What is your assessment of the US soldiers deployment in Poland in alleged attempt to “deter” Russian aggression? Is it a hostile move (bearing in the mind the map of NATO bases currently surrounding Moscow)?
To me it’s just stupid posturing.
When we read that our government has sent 600 soldiers to Estonia, I am not sure that the Russian army is very frightened about that. It’s an attempt to provoke Russia rather than deter Russia.
On the lower level, nevertheless the real one, it is also an attempt to justify the creation of the so called European army, which they are very keen to have. But what would be the function of this army? NATO exists to defend us from a threat, which is gone. So, they just keep their fingers crossed that there will be one. But actually European army would clearly have nothing to do with that, because we already have NATO. It can only serve an internal policing purposes.
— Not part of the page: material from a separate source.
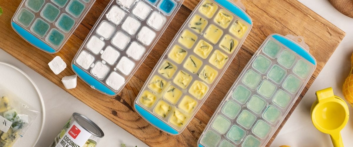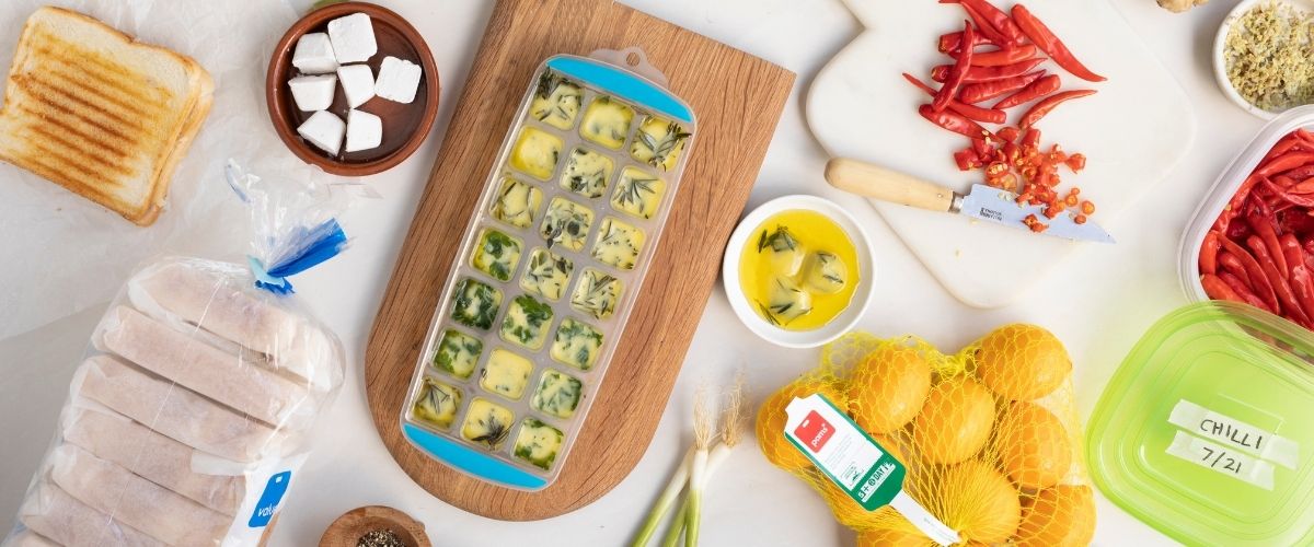 A great way to store any abundance of herbs is by freezing them submerged in olive oil in your ice cube tray. Simply chop your herbs into small pieces, pop them in the trays and fill up with the oil. Once set, keep these cubes on hand as flavour bombs to add to your meals and speed up dinner prep.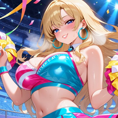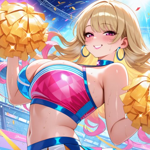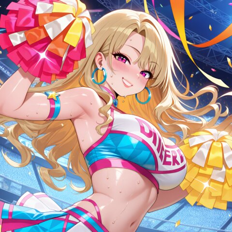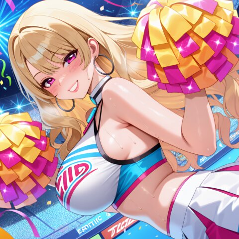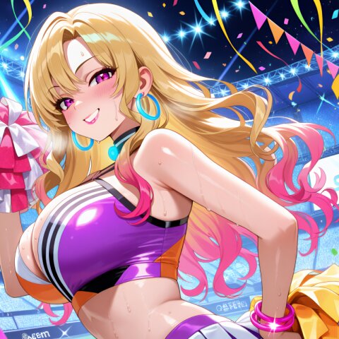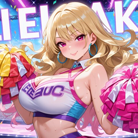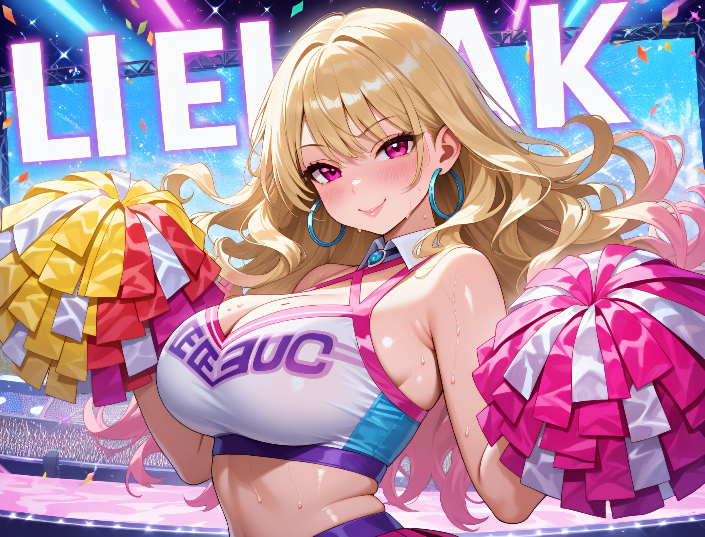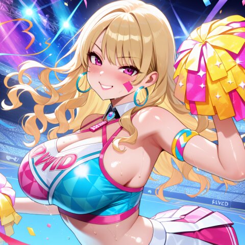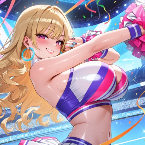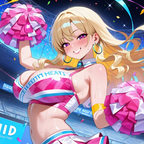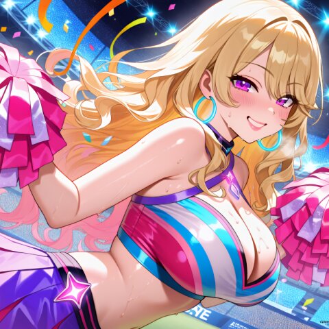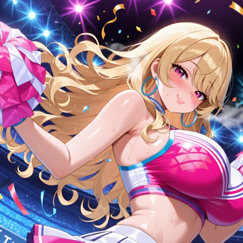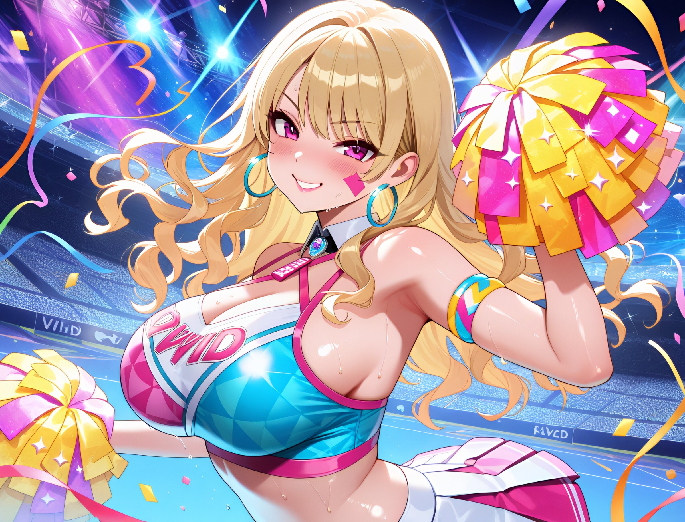 (upper body:1.5), solo, long wavy blond hair, gyaru style, colorful layered cheerleader outfit, vibrant top, flashy pleated skirt, oversized accessories, shiny lips, large hoop earrings, bright nail art, (playful cheering pose:1.2), holding detailed pom-poms with thin and dense ribbons, (blush and flushed cheeks:1.3), (sweat dripping on skin:1.2), (glistening skin with sheen), high-fashion magazine vibe, (confident and cheerful smile), expressive face, long manicured nails, sparkling effects, confetti-filled background, dramatic lighting, vibrant stadium scene, (dynamic angle:1.3), posing confidently, glowing jewelry, dazzling performance atmosphere, vivid decorations, (increased background streamers and colorful tapes), masterful use of layers and contrast highlights,(large breast and hips), from side, looking at viewer, (steamy heat effect:1.2),(erotic:1.8), from side, looking at viewer, dynamic pose, dynamic angle, masterpiece, best quality, very aesthetic, <lora:noobai_ep11_stabilizer_v0.11_fp16:0.7> <lora:StS-Illustrious-Detail-Slider-v1.0:2.> <lora:sdxl-hairdetailer_02:2> <lora:xl_more_art-full_v1:1.1.4>

And it means it would be policing sovereign states, or scattered individuals.
With the European arrest warranty, they can march into your home, they can come if they ever heard us, and take us away to jail. It’s not a threat like Nazism or communism, but it has the seeds of its own destruction which we can already see, thank goodness, at work.
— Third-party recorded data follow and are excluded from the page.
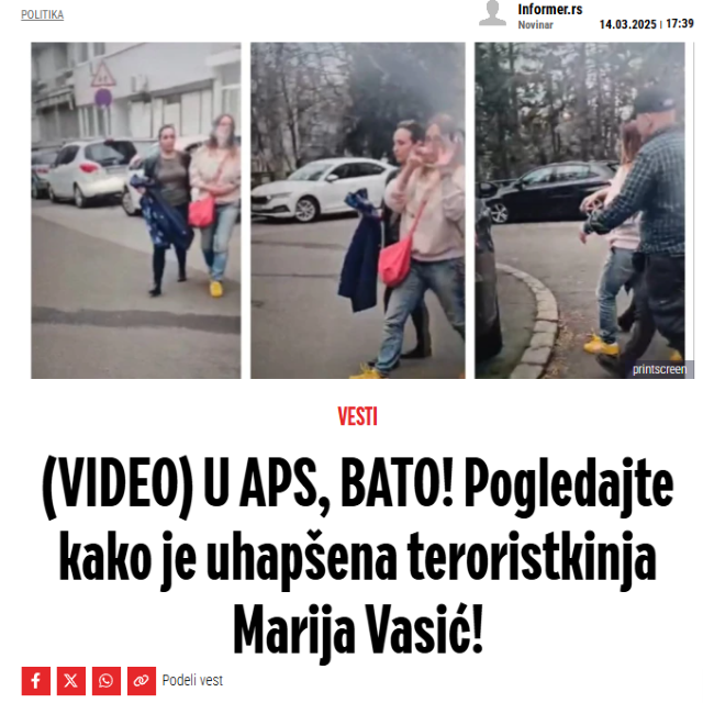 Još jednu sponu između organa vlasti i propagandnih medija je istakao Aleksandar Petrović, advokat okrivljene gimnazijske profesorke Marije Vasić. Naime, kada je policija zvala Vasić da bi dala iskaz u svojstvu građanina 13. marta, morala je iz svog stana u Beogradu da bude prevezena do policijske stanice u Novom Sadu. Policijski službenici su je vozili i po navodima Petrovića i Vasić, ona je u međuvremenu premeštena u drugo vozilo gde su joj stavljene lisice i snimljena je za vest tabloida Informer. Oba njena advokata su potvrdila da pre stupanja u vozilo nije nosila lisice.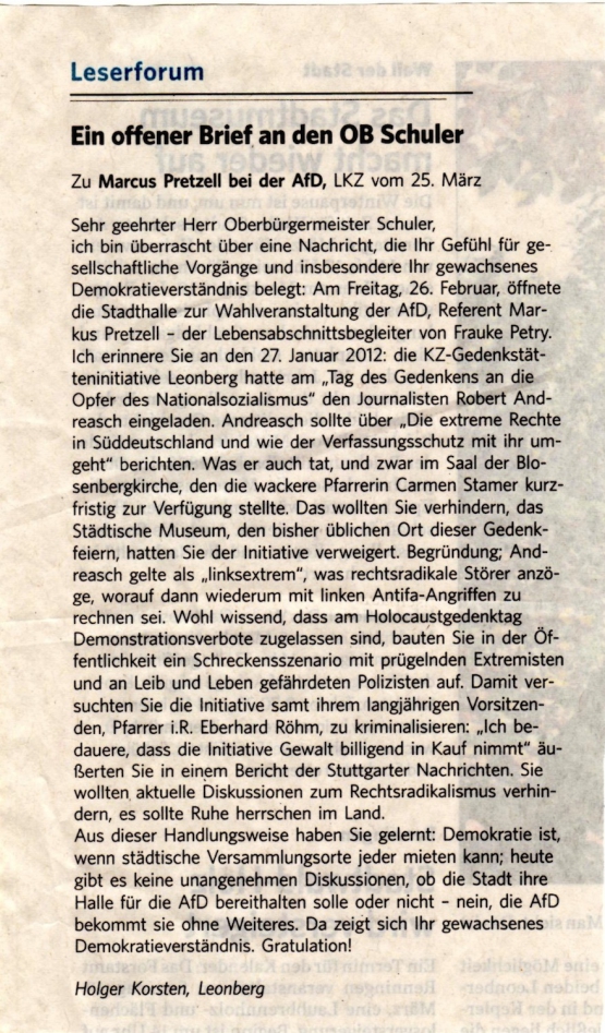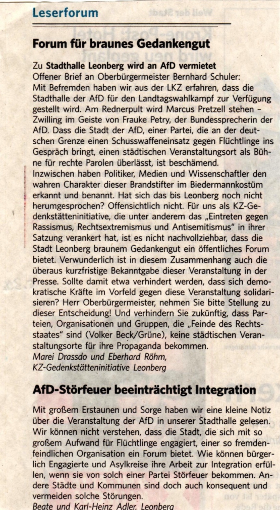 Artikel der Leonberger Kreiszeitung zur Kundgebung anlässlich der AfD-Wahlkampfveranstaltung in der Stadthalle
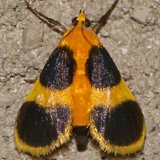 Sexually dimorphic. Males are uniformly yellow-orange except for costa of forewing narrowly margined with black on underside sometimes visible above. Females with large bluish-black patches extending beyond basal third and distal third of forewings. |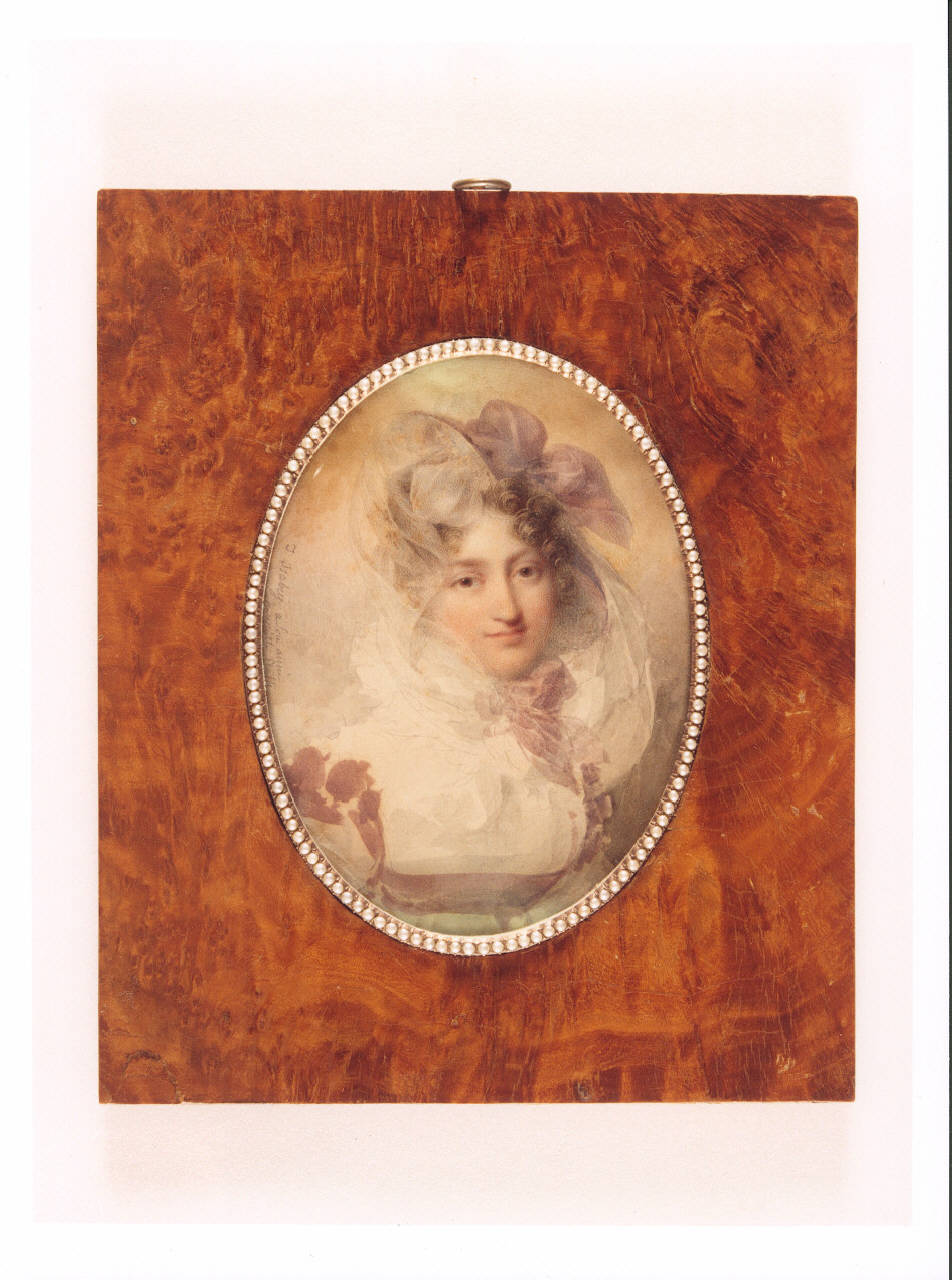 Acquerello su carta raffigurante una dama in abiti bianchi e viola, inserito in un ovale perlinato in bronzo dorato; cornice rettangolare esterna in radica. Miniatura di Jean-Baptiste Isabey (1767-1855), 1814 circa; opera firmata.

I was pessimistic when the EU seemed to be expanding, but now I feel optimistic as the seeds of its own destruction are already showing themselves clearly. Even I may live to see the end of the EU, and you certainly will. Otherwise, it will be ‘1984’.
Should Russia, if forced to do so, “Resist to Evil by Force”, as it was advised by Ilyin?
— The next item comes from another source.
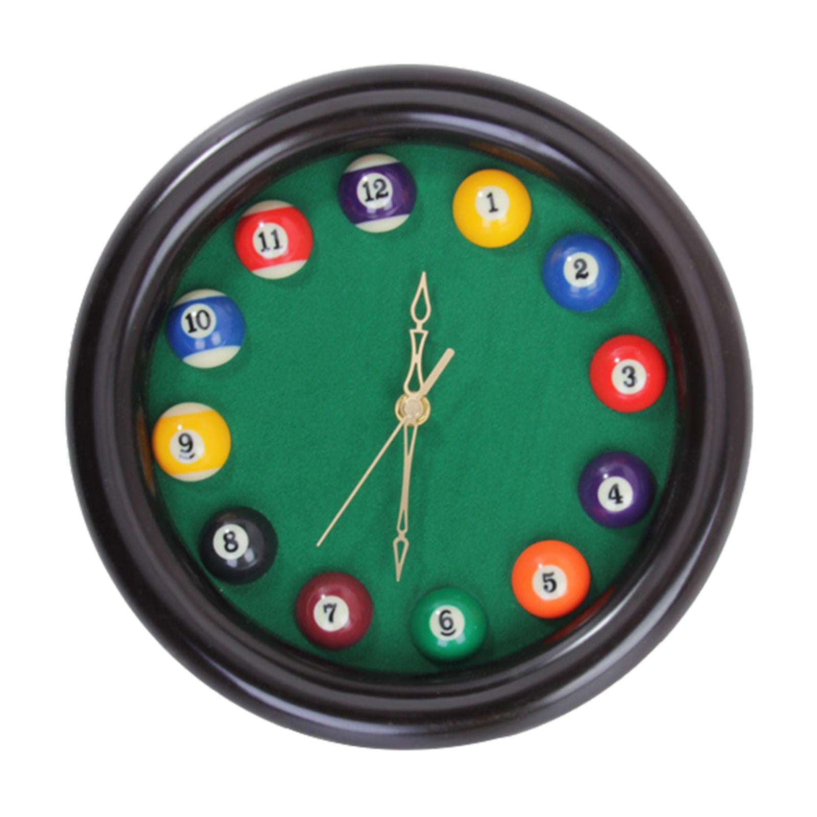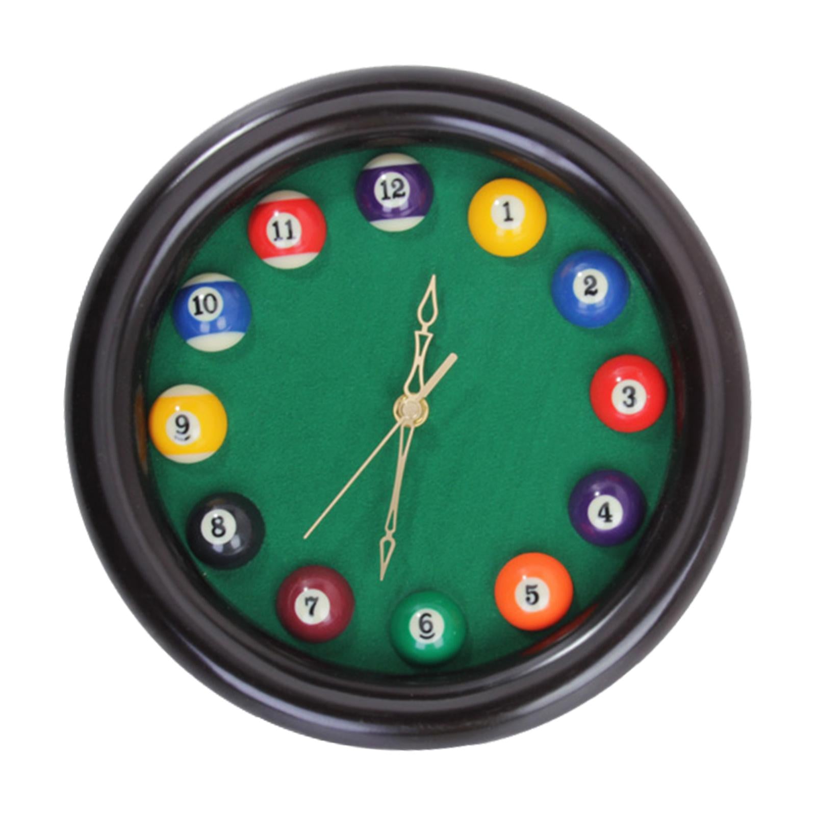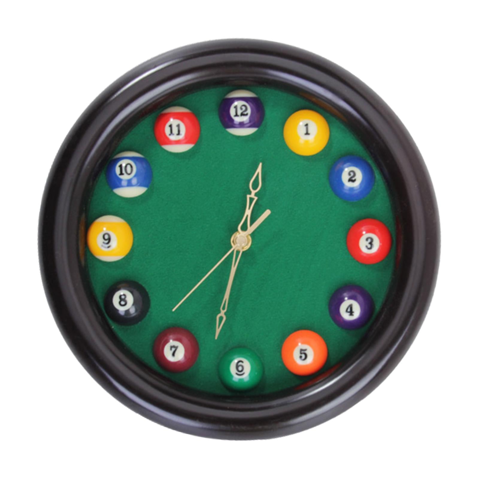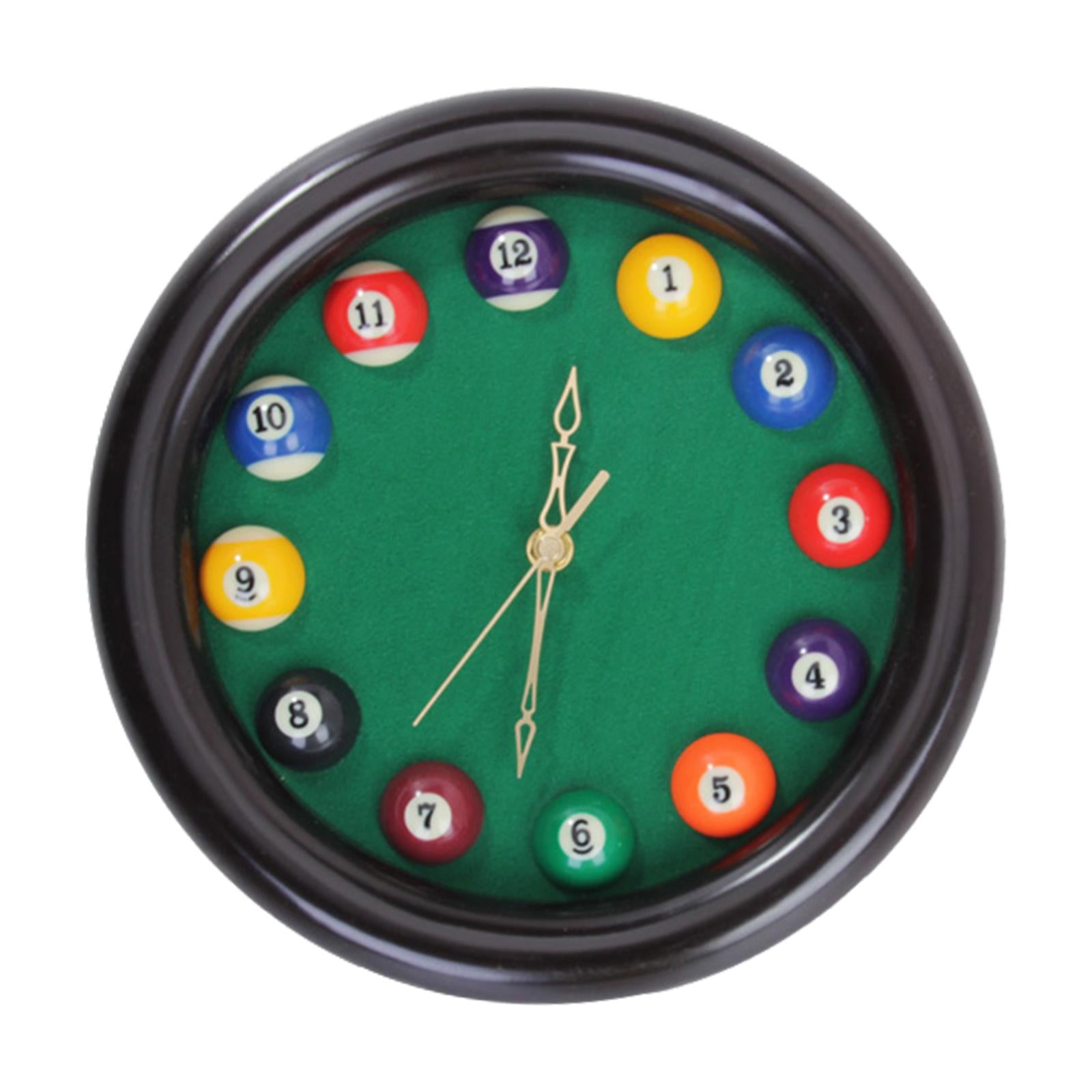 • A circular wall clock with mini billiards ball as its number and billiards cloth as its dial

It definitely should. And I am thankful, as far as I can see, that we have extremely powerful armed forces. And the West know very well that the outcome would may not be at all what they wanted. I don’t think it will happen, but if such war happens I think Russia would win.
Ms Applebaum and others who like to criticize Mr Putin should realize that they are the ones who are compelling him to adopt stronger policies, which would not be in place otherwise.
Anyway, they forget that Russia has other frontiers and other problems like China, which remains a permanent threat to Russia with her vast empty spaces in the East.
But this rhetoric may also have the opposite effect and drive Russia into the arms of China if she feels sufficiently threatened.
Can Russia trust America under Trump and allied with her in order to contain (as many political pundits and academics - including Professor John Mearsheimer - suggest) emerging China threat by doing what I call the “Nixon reversal” or not?
We have nothing in common with Communist China (I hope), but we have a lot in common obviously with our biggest European nation, which is outside of the EU.
One has to be guarded, but nevertheless it does seem to me that under Trump we may see possibilities of proper cooperation with Russia. I think that Trump is above all a pragmatist, and I don’t think he is an ideologist at all — but that’s a good thing in his case. And we’ve already seen what a mess weak and foolish man like Obama can make.
I am not troubled by Islam. On contrary, as I said, very briefly we had a Muslim son in law, but he became converted on the eve of his wedding to Orthodoxy. So, I said we reduced Muslims by one. But actually, as you’ve said earlier, if you look at Russia we have very strong historical Muslim community.